Instructor Notes:

This notebook should be executed in the jupyter/pyspark-notebook Docker stack, which is configured with Spark and PySpark
The notes on doing that are provided in this notebook and in the book chapter

# enable high-res images in notebook 
%config InlineBackend.figure_format = 'retina'

17.6 Spark¶

Use PySpark and Spark functional-style programming to summarize word frequencies in Romeo and Juliet
Hadoop break tasks into pieces that do lots of disk I/O across many computers
Spark performs certain big-data tasks in memory for better performance

17.6.1 Spark Overview¶

In big data, performance is crucial
Hadoop is geared to disk-based batch processing
- read data from disk
- process the data
- write results back to disk
Many big-data applications demand better performance
- E.g., fast streaming applications requiring real-time or near-real-time processing won’t work in a disk-based architecture

Architecture and Components¶

Its in-memory architecture “has been used to sort 100 TB of data 3X faster than Hadoop MapReduce on 1/10th of the machines”[2]
Runs some workloads up to 100 times faster than Hadoop [3]
Spark uses resilient distributed datasets (RDDs) to process distributed data with functional-style programming
Hadoop uses replication for fault tolerance — adds more disk-based overhead
RDDs eliminate disk-based overhead by
- remaining in memory — use disk only if data can't fit in memory
- not replicating data
Fault tolerance — Spark remembers steps used to create an RDD
- If a node fails, Spark rebuilds the RDD [1]

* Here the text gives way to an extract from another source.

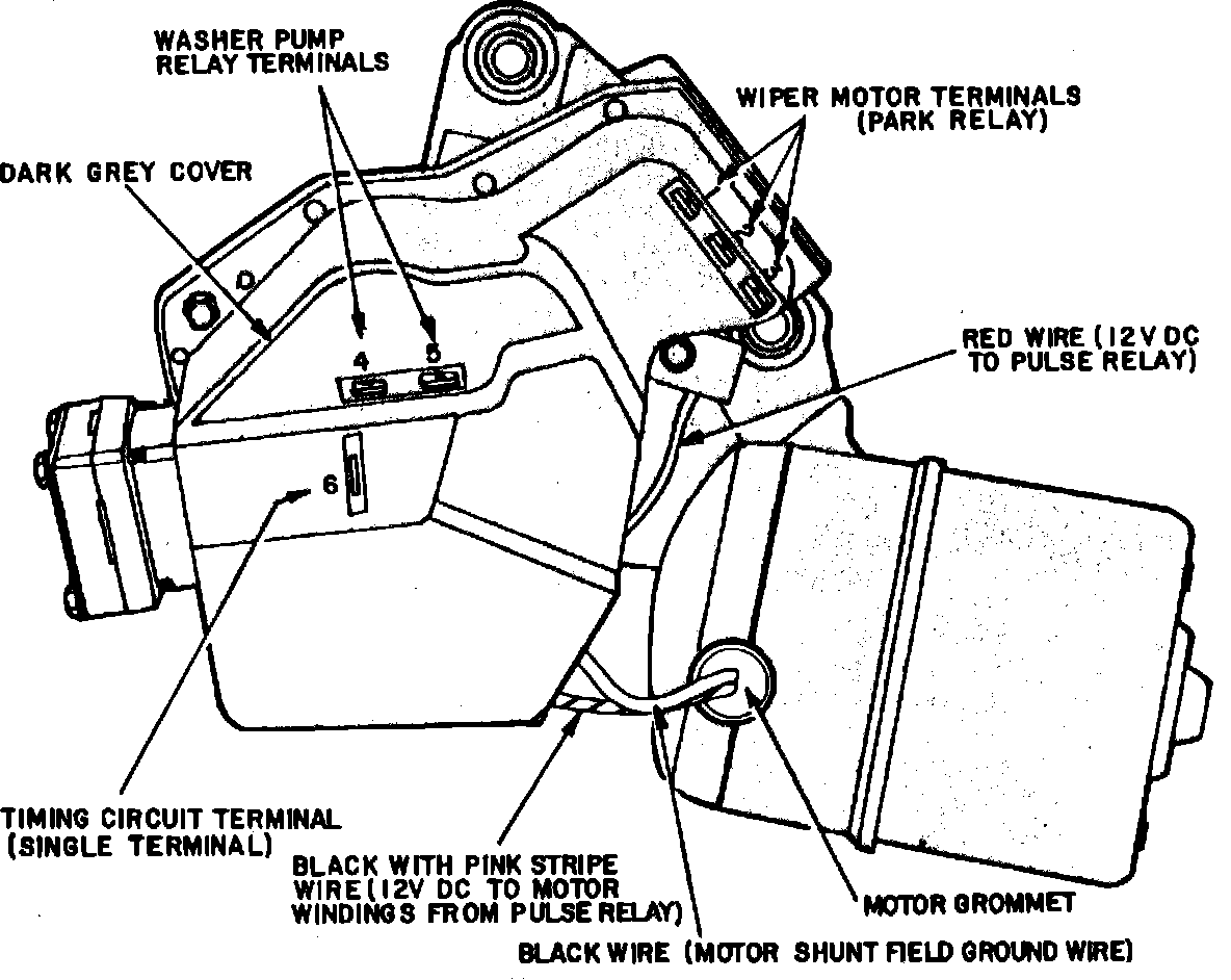 4. If wipers do not stop when timer is disconnected, remove washer pump cover and reconnect all electrical connectors to motor.
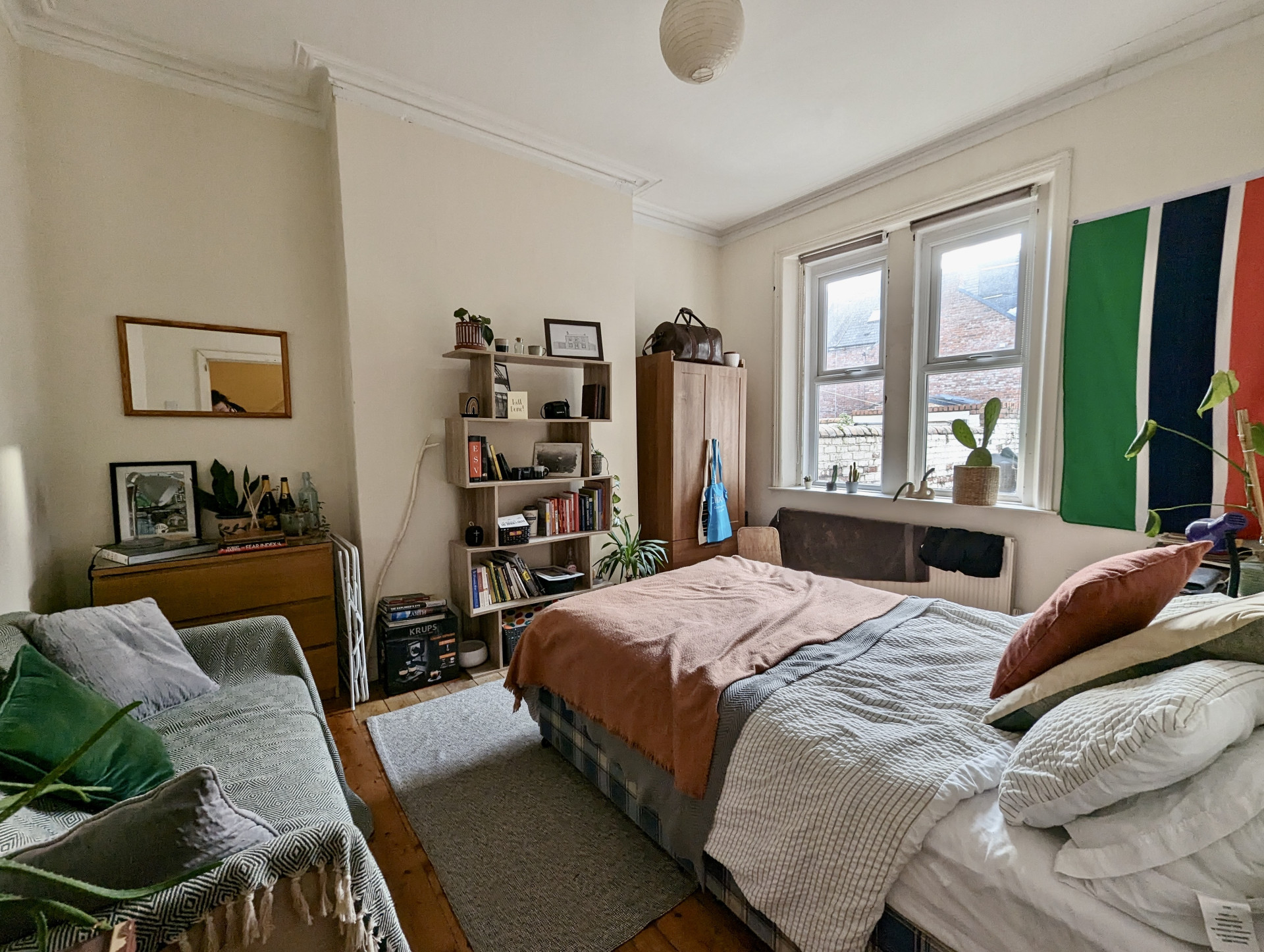 At the heart of this Edwardian home is a large bright lounge area, making it ideal for socialising and enjoying the university lifestyle. All rooms are equipped with a desk, chair, wardrobe, and double bed; additionally, the property has two bathrooms and a toilet, making it easy to share amongst housemates.

Architecture and Components (cont.)¶

Spark distributes operations to a cluster’s nodes for parallel execution
Spark streaming enables you to process data as it’s received
Spark DataFrames (similar to pandas DataFrames), enable you to manipulate RDDs as a collection of named columns
Can use Spark DataFrames with Spark SQL to query distributed data
Spark MLlib (the Spark Machine Learning Library) enables you to perform machine-learning algorithms on distributed data

Providers¶

Hadoop providers typicalluy also provide Spark support
Databricks
- A Spark-specific vendor
- Their website is an excellent resource for learning Spark
- Paid version runs on Amazon AWS or Microsoft Azure
- Free Databricks Community Edition is a great way to get started with both Spark and the Databricks environment
- Databricks free e-books

17.6.2 Docker and the Jupyter Docker Stacks¶

Docker¶

Docker is a tool for packaging software into containers (also called images) that bundle everything required to execute that software across platforms.
Some software packages we use in this chapter require complicated setup and configuration.
For many of these, there are preexisting Docker containers that you can download for free and execute locally on your desktop or notebook computers.
These help you get started with new technologies quickly and conveniently.

Docker (cont.)¶

Docker also helps with reproducibility in research and analytics studies.
You can create custom Docker containers that are configured with the versions of every piece of software and every library you used in your study.
This would enable others to recreate the environment you used, then reproduce your work, and will help you reproduce your results at a later time.
We’ll use Docker in this section to download and execute a Docker container that’s preconfigured to run Spark applications.

Installing Docker¶

You can install Docker for Windows 10 Pro or macOS as described here
- On Windows 10 Pro, you must allow the "Docker for Windows.exe" installer to make changes to your system to complete the installation process. To do so, click Yes when Windows asks if you want to allow the installer to make changes to your system.
  - Some Windows users might have to follow the instructions under Allow specific apps to make changes to controlled folders at https://docs.microsoft.com/en-us/windows/security/threat-protection/windows-defender-exploit-guard/customize-controlled-folders-exploit-guard. Windows 10 Home users must use Virtual Box as described here
Linux users should install Docker Community Edition as described here
For a general overview of Docker, read the Getting started guide

Jupyter Docker Stacks¶

The Jupyter Notebooks team has preconfigured several Jupyter “Docker stacks” containers for common Python development scenarios.
Each enables you to use Jupyter Notebooks to experiment with powerful capabilities without having to worry about complex software setup issues.
In each case, you can open JupyterLab in your web browser, open a notebook in JupyterLab and start coding.
JupyterLab also provides a Terminal window that you can use in your browser like your computer’s Terminal, Anaconda Command Prompt or shell.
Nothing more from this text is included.